Une vingtaine d’artistes invités ont été priés de suggérer des œuvres créées par des proches ou des amis, si bien que la BACA propose, en plus des œuvres d’artistes confirmés, des créations d’artistes méconnus jamais exposées au Québec, comme celles de Lucas Hale (avec du perlage sur planche à roulettes), Kay Meyer, Corinna Wollf, Graham Paradis, Sharon Rose Kootenay ou encore Emma Hassencahl-Perley.
Cette dernière a créé une robe à clochettes comme celles utilisées lors des pow-wow. Elle y a intégré des lambeaux de la Loi sur les Indiens, un vieux document fédéral qui régule encore aujourd’hui la vie des autochtones et qui les frustre profondément. Cette robe trouve un écho actuel puisque, selon David Garneau, les robes à clochettes ont fait leur apparition au Canada lors de la pandémie de la grippe espagnole, en 1919.
L’exposition comprend autant de dessins, de peintures, de sculptures, de céramiques et d’œuvres faites de perles, de peaux ou de textiles que de photographies, d’installations et de vidéos. Certaines œuvres sont moins frappantes que d’autres, empruntant le chemin des traditions artistiques autochtones, tandis que d’autres sont résolument modernes. Par exemple, les impressions numériques de Jon Corbet (un artiste d’origine crie, métis et saulteaux) réalisées à partir d’un programme informatique qui lui a permis de produire des portraits « perlés » tirés de photos de membres de sa famille. Plusieurs exemples issus de cette technique particulière sont exposés à la galerie Art mûr.

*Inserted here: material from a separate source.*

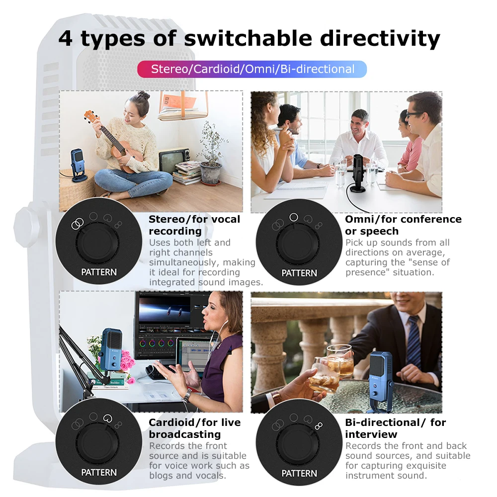 4 типа переключаемой направленности: стерео/кардиоидный/всенаправленный/Двунаправленный.

Ou encore l’œuvre aux couleurs de l’arc-en-ciel This One Brings Me the Most Pride, de l’artiste crie des Plaines Judy Anderson, créée pour honorer son deuxième enfant, mais aussi la fierté des autochtones bispirituels (Two-Spirit). Son fils, Cruz, a d’ailleurs confectionné avec elle l’œuvre Side by Side 2020, une paire de sacs exposée à la Guilde. Une œuvre symbolique de ce besoin d’honorer les affinités, qui débute avec le talent inné et se poursuit dans le relationnel.
Voici donc un défi adressé aux Montréalais non autochtones, invités à s’immerger sans préjugés au cœur de cet univers parallèle qui tend de plus en plus à rejoindre le leur, ces dernières années, pour des lendemains peut-être plus harmonieux.
Après avoir été l’une des amorces de ce rapprochement, la Biennale d’art contemporain autochtone de Montréal en est aujourd’hui autant l’illustration qu’un des vecteurs.
Le déconfinement permet d’ores et déjà d’admirer des œuvres à la galerie Art mûr et sur rendez-vous à la galerie PFOAC. Il sera possible de le faire au Musée McCord dès le 23 juin et très bientôt à la Guilde, qui l’annoncera cette semaine sur son site. Par contre, il n’y a pas de date de réouverture pour la Maison des régions et la galerie d’art Stewart Hall de Pointe-Claire.